If you ask anyone in the industry how they got to where they are, you will always hear a different story, you will hear similarities but there will always be something different. Thus, I would always suggest for people to carve their own path in the industry, and of course this industry is huge with many different areas and avenues for you to go down, which is also what makes the industry so amazing, it allows everyone to have a speciality and to be able to do their part for the single goal of preserving our natural world.

Working as a Diver at Blue Planet is amazing for anyone who wants to make a career in the industry, for several reasons, it is good as it helps you gain diving experience both with animals and teaching students. It gives you chance to practice diving skills in what could be considered difficult diving due to the tasks we have to carry out, and it also allows you to learn about HSE regulations and laws which also helps makes you safe and aware.

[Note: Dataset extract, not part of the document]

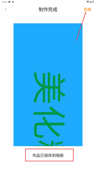 4、当作品保存成功后,页面会弹出“作品已保存到相册”的提示,此时点击右上角的【完成】按钮,即可结束整个制作流程。

Here at Blue Planet, we have people spanning a multitude of different careers, from Marine Biology, Military Diving, Photography and Dive Guiding, it is this that makes the team so amazing as we have a go to person for everything.

The best advice I can give to anyone who wanted to work on the dive team or in an aquarium, would be to have a decent amount of diving experience and be able to demonstrate good diving knowledge, along with being respectful to the environment and animals and being able to work well in a team. It is also helpful to be outgoing and confident as although we work behind the scenes, we are still in the view of guests when we do our feeds or public dives.